文章を書こうとするときに、最低次の二つのことが明確でなければならない。
1.テーマ
2.概要
1.についてはお分かりだろう。2.は1.と同じようなものだと思われるかもしれないが実は違う。私も犯してしまう間違いだが、テーマだけを決めて書こうとすると行き詰る。このようなことは多いと見えて、ビジネス書から小説や漫画に至るまで、著者が書きたいテーマだけを決めて、そのまま展開しようとしたのではないかと思われるものがある。一般に出版されるものでは、文章は上手なので、サラッと読むと分からないが、真面目に読もうとすると物足りない、尻切れトンボとの印象を受ける。
私の経験によれば、書く前に書くことの概要を頭で概観できないようであれば、書き始めても行き詰る。例えば本稿のような短い文章であれば、概観できていれば、そのまま書き始めて書き上げることができる。
長い文章であれば、テーマがいくつかのサブテーマに展開されるだろうから、サブテーマの内容まで含めて概観することは、まず不可能である。

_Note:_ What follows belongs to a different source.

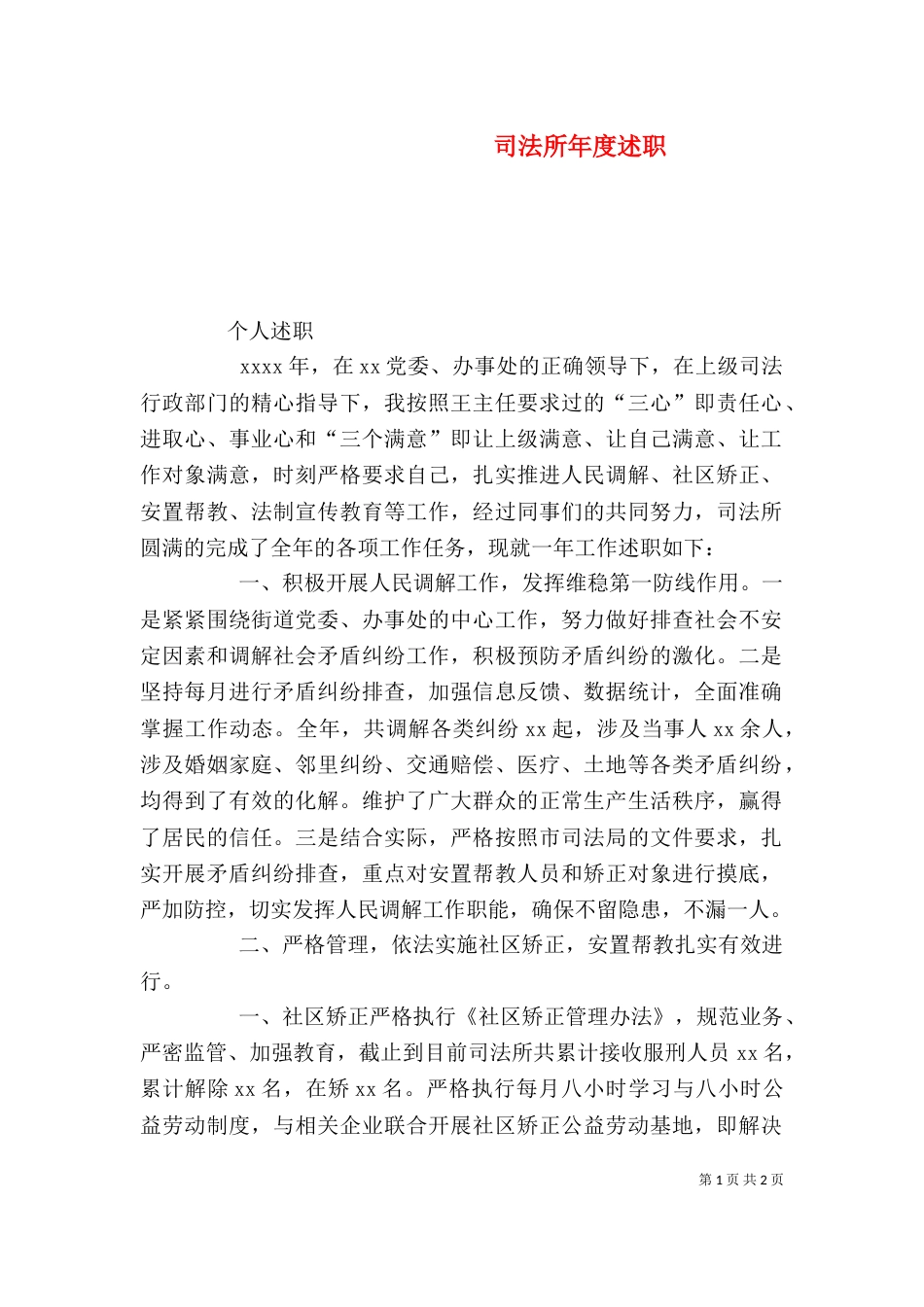 第1页共2页司法所年度述职个人述职xxxx年,在xx党委、办事处的正确领导下,在上级司法行政部门的精心指导下,我按照王主任要求过的“三心”...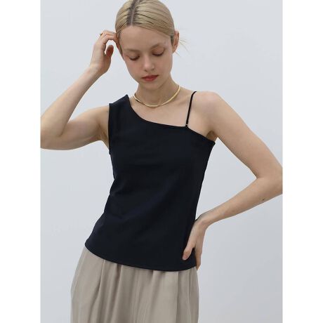 アシンメトリーなショルダーデザインがインパクトのあるデザインインナー。ミニマルなシルエットながら、デコルテをきれいに見せるラインが女性らしい抜け感を演出。ローゲージニットやジャケット、シャツのインナーとしても活躍する着回し力の高いアイテムです。

このようにサブテーマに展開するような文章であれば、私の場合には、メモを作成することが必須である。(文章の質を維持しようとするならば、)他の人でも多分そうだろう。
この場合、「頭の中で概観できなれば書き始めてはいけない」という、概観するものはサブテーマの一覧であり、書き始めるものはメモのことである。
ここで述べたことを別の言葉で表現すれば「書く時間と考える時間を分ける」ということになる。